Laser Clay Shooting System
- Type: Light gun shooter
- Invented by: Hiroshi Yamauchi, Gunpei Yokoi
- Company: Nintendo
- Country: Japan
- Availability: 1973–1978
- Materials: Laser Clay Shooting System Overhead projector, rifle Mini Laser Clay 16mm film projector, rifle or revolver, arcade cabinet

= Laser Clay Shooting System =

Light gun shooting simulation game by Nintendo

The Laser Clay Shooting System (レーザークレー射撃システム) is a light gun shooting simulation game created by Nintendo in 1973. The game consisted of an overhead projector which displayed moving targets behind a background; players would fire at the targets with a rifle, in which a mechanism of reflections would determine whether or not the "laser shot" from the rifle hit the target.

The concept behind the Laser Clay Shooting System came from Hiroshi Yamauchi, while Gunpei Yokoi was behind the development of the system. It was released in deserted bowling alleys in Japan in 1973; upon release, it was a commercial success, but the success of the system quickly evaporated as a result of the 1973 oil crisis and the ensuing recession in Japan, which left Nintendo billion in debt and on the verge of bankruptcy. In 1974, Yamauchi, in an attempt to revive Nintendo, released a smaller, cheaper version of the Laser Clay Shooting System, titled "Mini Laser Clay". Deployed mostly in arcades, players shoot moving targets, provided by a 16mm film projector, at an arcade cabinet. This system featured several games and achieved significant success for Nintendo throughout the 1970s, which helped the company out of its financial situation.

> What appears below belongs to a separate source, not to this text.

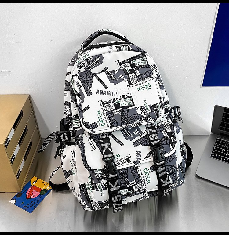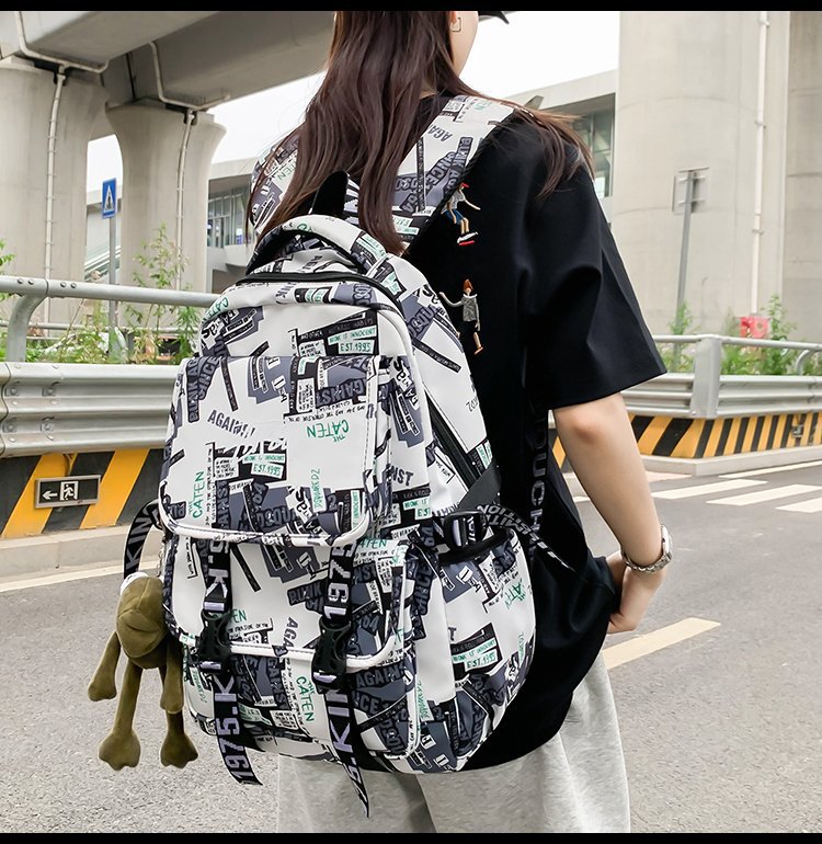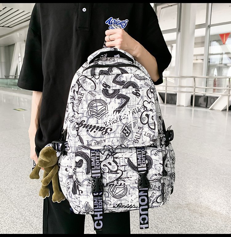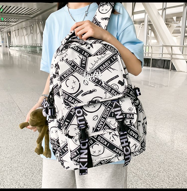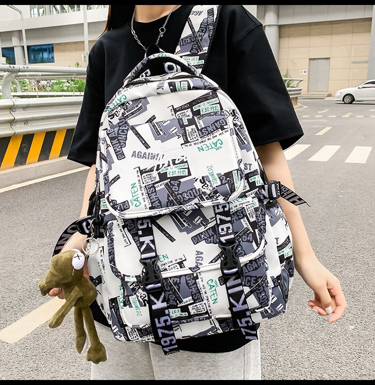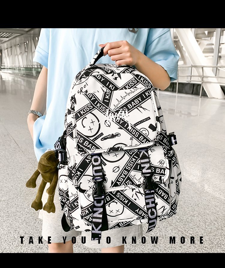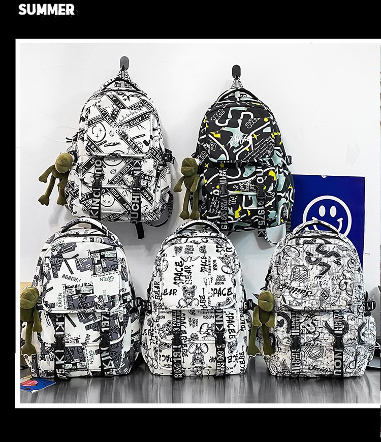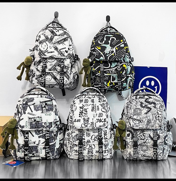 트렌디 한 멋진 패턴 편지 낙서 책가방 여자 고등학교 중학교 배낭 경량 대용량 남자 여행 배낭

The laser shooting idea was subsequently taken up by other manufacturers. The principle of a laser gun, which fires beams of light at a reflective target, inspired pigeon clay shooting simulators, where the pigeon clays are replaced with reflective flying disks. The product of this type was an analogue system developed by UK company Lasersport. In the early 2020s, a digital laser clay shooting system was developed by SLR Games, also a UK manufacturer.

==Overview==
The Laser Clay Shooting System was a shooting simulation that was present in many former bowling alleys in Japan. In the simulation, players fire their laser rifles at moving targets produced by an overhead projector. A series of reflections determines whether or not the target was hit by the "laser shot"; when a hit is registered, the projector displays a picture of a destroyed target.

The Laser Clay Shooting System was redesigned in 1974 and was renamed "Mini Laser Clay". This game would be displayed in arcades as opposed to bowling alleys. Mini Laser Clay consisted of two shooting ranges in which up to four players could play simultaneously. Players would pay to shoot ten clay pigeons with two shots per pigeon; players would "pull" each clay pigeon by stepping on a button near their feet. High scores would earn players tokens which could be exchanged for prizes. Cheaper models of Mini Laser Clay featured single players who would shoot targets, projected by a 16mm film, at an arcade cabinet with a revolver.

==History==
The idea for the Laser Clay Shooting System Game started in 1971, when Hiroshi Yamauchi read a newspaper article about shooting (also referred to as "Ball Trap") competitions. He then asked his assistant Gunpei Yokoi about the possibility of using their current product, the "Opto-Electronic Gun SP", for shooting simulations. Days after Yamauchi's request, Yokoi asked Yamauchi to buy him a rifle for the purposes of designing an "electronic Ball Trap simulation" by using the rifle as a prototype. Assisting in the development were Masayuki Uemura and Genyo Takeda. The project was approved in 1971 and was dubbed the "Laser Clay Shooting System".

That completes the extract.